Your task
The line containing "Camp Members looked", and every line after it to the end of the listing, should be repeated exactly; the pictures should not.
..........
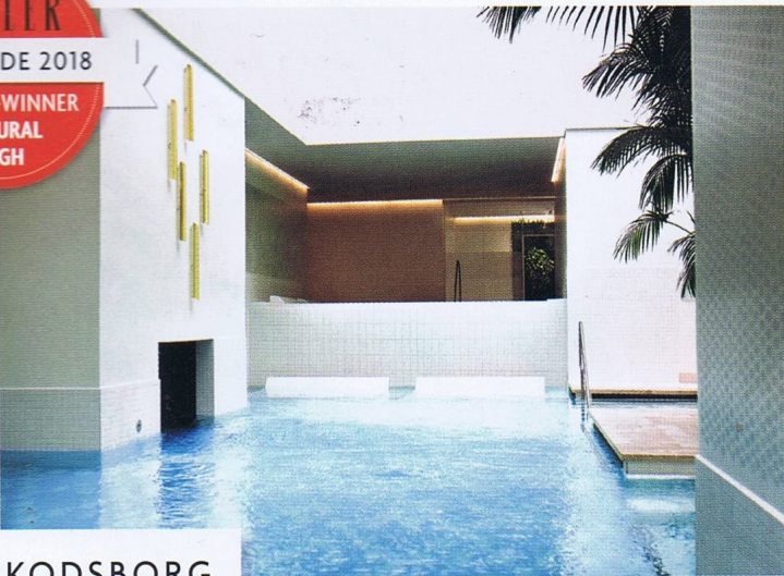
KURHOTEL SKODSBORG SKODSBORG, DENMARK
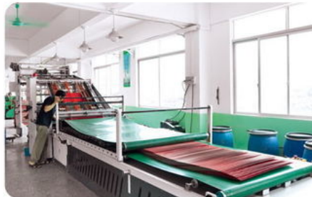
CORRUGATED PAPER BOARD MOUNTED
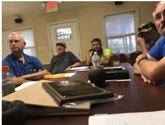
Camp Members looked on and listened to the presentation of the various tours of the Crescent City.
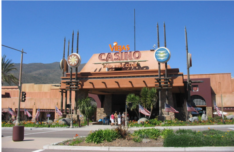
Viejas Casino and Resort.
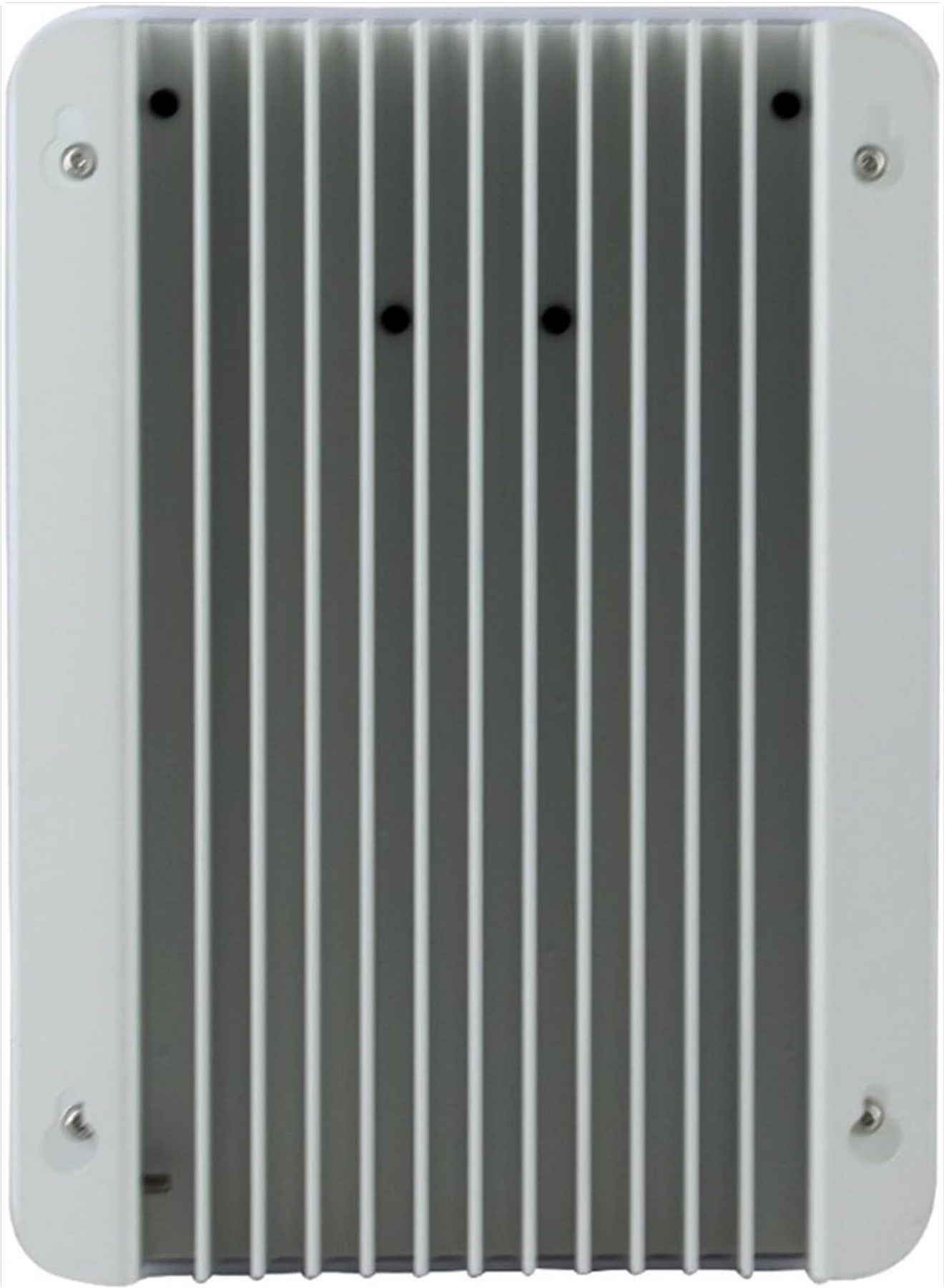
Figure 2: Rear view of the controller, highlighting the integrated heat sink fins for efficient thermal management.
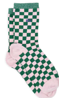
FM015 Green and pink
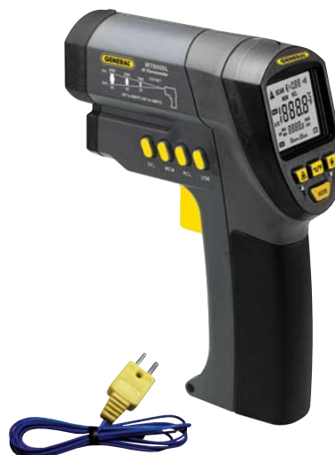
IRT855DL 50:1 Ultra Wide-Range Data Logging IRT with "K" Port (see page 9)
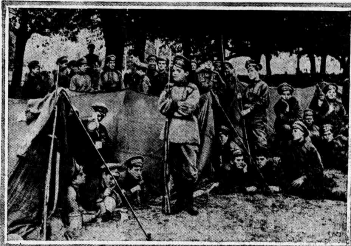
RUSSIA'S AMAZONS CALLED TO DEFEND PETROGRAD.

The famous women fighters of Russia, members of the "Battalion of Death," have been called upon by the Bolsheviki government to defend Petrograd.
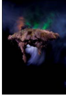
topographies of the unconscious II: Premature as evening falls, it calls to me, 2011 C-type prints on Kodak Endura paper. 90 x 60cm. Unique Edition of 1 + 1 AP
..........
Problem solution
Camp Members looked on and listened to the presentation of the various tours of the Crescent City.
Viejas Casino and Resort.
Figure 2: Rear view of the controller, highlighting the integrated heat sink fins for efficient thermal management.
FM015 Green and pink
IRT855DL 50:1 Ultra Wide-Range Data Logging IRT with "K" Port (see page 9)
RUSSIA'S AMAZONS CALLED TO DEFEND PETROGRAD.

The famous women fighters of Russia, members of the "Battalion of Death," have been called upon by the Bolsheviki government to defend Petrograd.
topographies of the unconscious II: Premature as evening falls, it calls to me, 2011 C-type prints on Kodak Endura paper. 90 x 60cm. Unique Edition of 1 + 1 AP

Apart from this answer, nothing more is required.